During holidays, many people in major Chinese cities face the problem of抢票 (ticket grabbing) on the 12306 train ticket platform, which experiences extreme QPS and millions of concurrent requests.

The author studies the 12306 backend architecture and shares a simulated example of handling 1 million users competing for 10 000 tickets while keeping the service stable.

Key components of a large‑scale high‑concurrency system include distributed clusters, multiple layers of load balancers (OSPF, LVS, Nginx), and fault‑tolerance mechanisms such as dual data centers.

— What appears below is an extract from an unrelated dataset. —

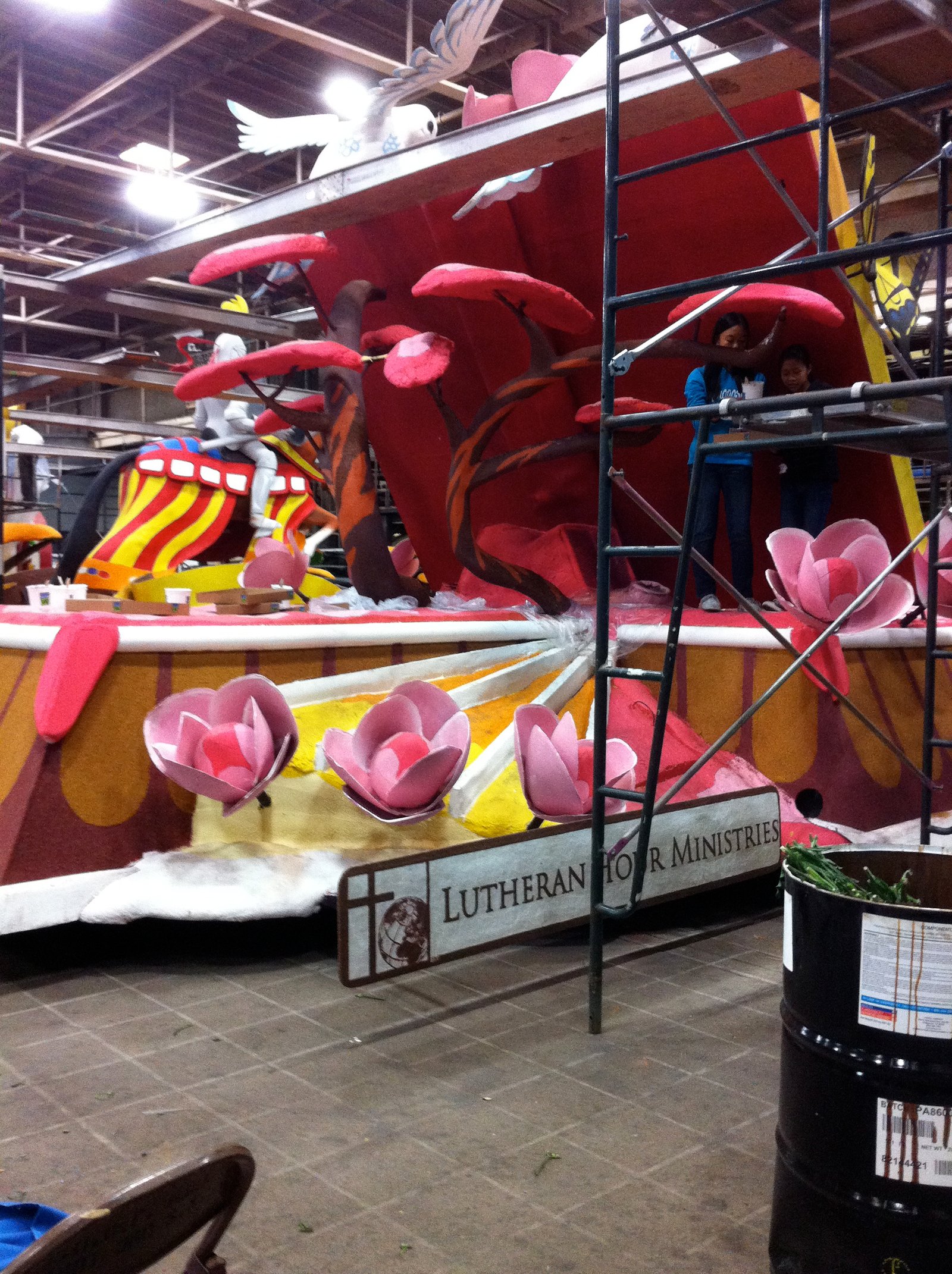 The Lutheran Hour Float, in its 63rd appearance in the Rose Parade, is as detailed in the back as it is from the front. (Do you see two volunteers in this photo?)

Nginx is used for three load‑balancing methods—round‑robin, weighted round‑robin, and IP‑hash. An example of weighted round‑robin configuration is shown:

#配置负载均衡
upstream load_rule {
    server 127.0.0.1:3001 weight=1;
    server 127.0.0.1:3002 weight=2;
    server 127.0.0.1:3003 weight=3;
    server 127.0.0.1:3004 weight=4;
}
...
server {
    listen 80;
    server_name load_balance.com www.load_balance.com;
    location / {
        proxy_pass http://load_rule;
    }
}

Four local Go HTTP services (ports 3001‑3004) are started; each logs requests to ./stat.log. The AB tool is used to generate 1 000 requests with 100 concurrent connections, confirming that each port receives the expected proportion of traffic (1, 2, 3, 4).

To avoid database bottlenecks, the design adopts a pre‑deduction (pre‑stock) strategy: each server keeps a local inventory in memory, reduces it atomically, and only when local stock is sufficient does it invoke a remote Redis stock‑deduction.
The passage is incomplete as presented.